Face Graft Scaffold Production in a Rat Model.

BACKGROUND: As a route toward face bioengineering, the authors previously reported the production of a complete scaffold by perfusion-decellularization of a porcine ear subunit graft and partial recellularization. To extend the scaffold to the whole face and to down-scale it, they applied their findings to a rodent hemifacial graft model.

METHODS: After the animals were killed, seven full-thickness rat hemiface grafts were harvested with the common carotid artery and the external jugular vein as a pedicle, and cannulated. Grafts were decellularized by a detergent-based protocol: either by perfusion through the common carotid artery, or by mechanical agitation. After decellularization, samples were analyzed for DNA quantification and histology by hematoxylin and eosin, Masson trichrome, Sirius red, or Safranin O staining. Vascular tree patency was assessed by microangiographic computed tomography after contrast injection. Cell-friendly extracellular matrix was assessed by seeding of human adipose-derived stem cells and vital staining after 7 days of culture.

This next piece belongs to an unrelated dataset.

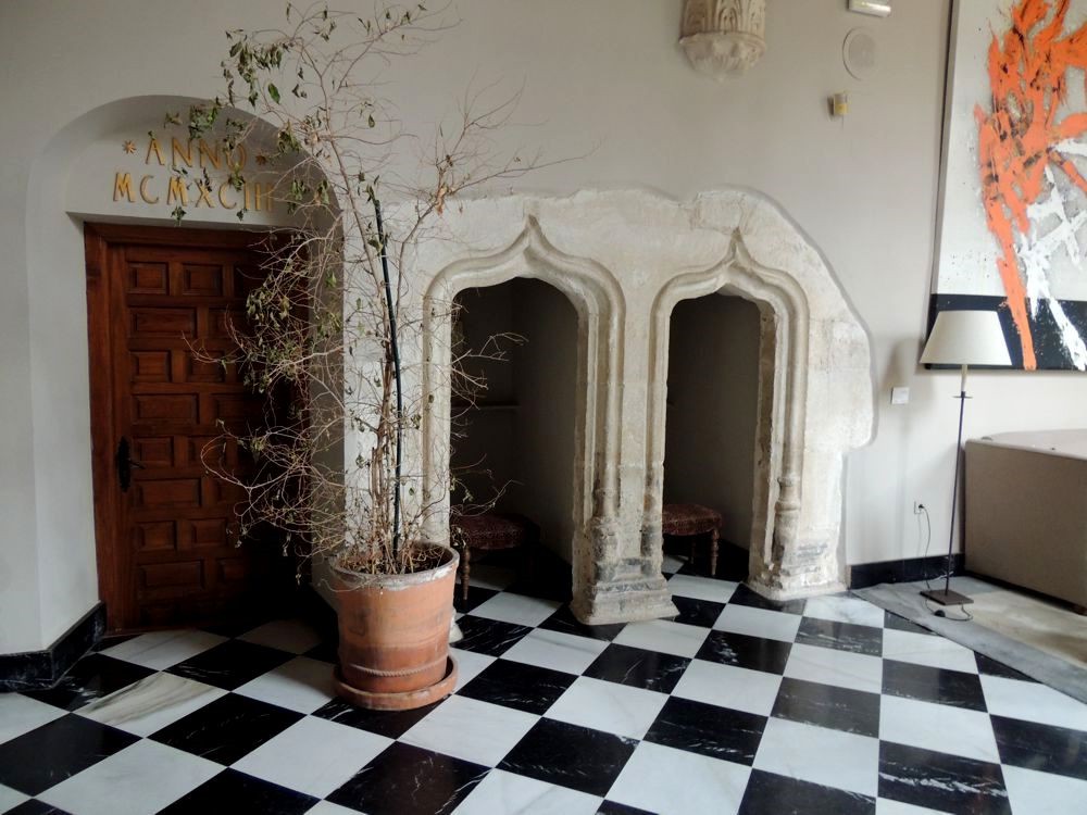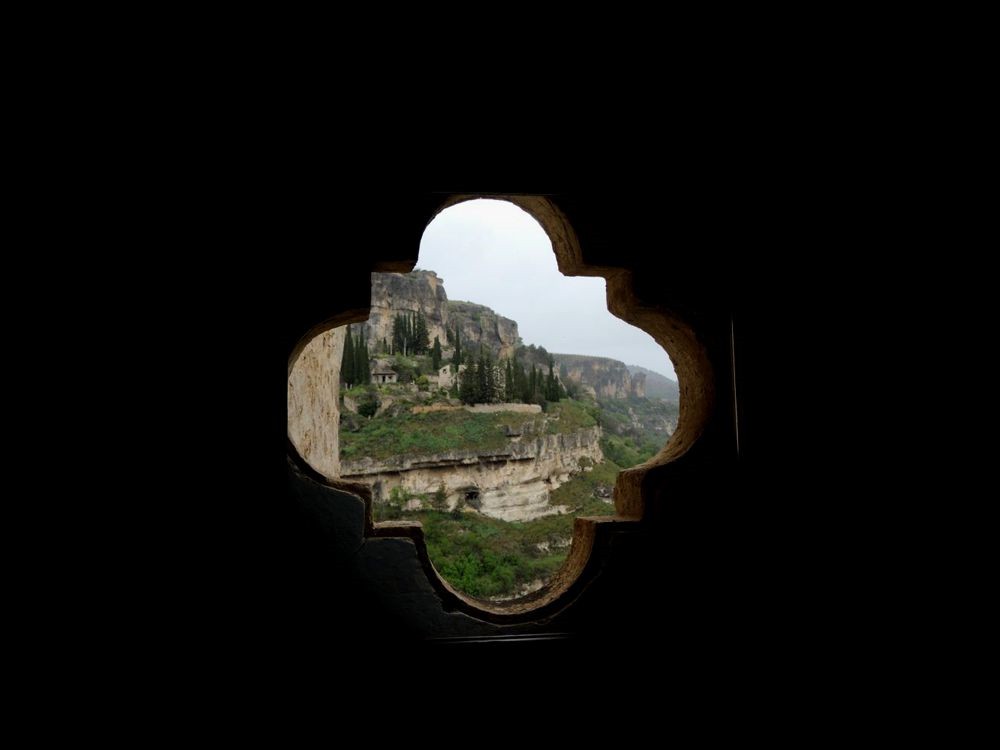 We had to ride down then up a mountain to get to the Parador de Cuenca. This parador was once a monastery and it was across a metal footbridge from the town of Cuenca. All the paradors had been beautiful but this ended up being my favourite. To me, it was just a tad classier than the others... maybe the "princess" bed helped... maybe the archways and window shapes... maybe the (mistakenly put in my room) treats awaiting our arrival... I just fell in love with it immediately.

RESULTS: Decellularization was effective in both groups, with a cell clearance at all levels, with the exception of cartilage areas in the agitation-treated groups. Microscopic assessment found a well-preserved extracellular matrix in both groups. Vascular contrast was found in all regions of the scaffolds. After the animals were killed, seeded cells were found viable and well distributed on all scaffolds.

CONCLUSIONS: The authors successfully decellularized face grafts in a rodent model, with a preserved vascular tree. Perfusion-decellularization led to better and faster results compared with mechanical agitation but is not mandatory in this model. The rat face is an interesting scaffold model for further recellularization studies, in the final goal of human face bioengineering.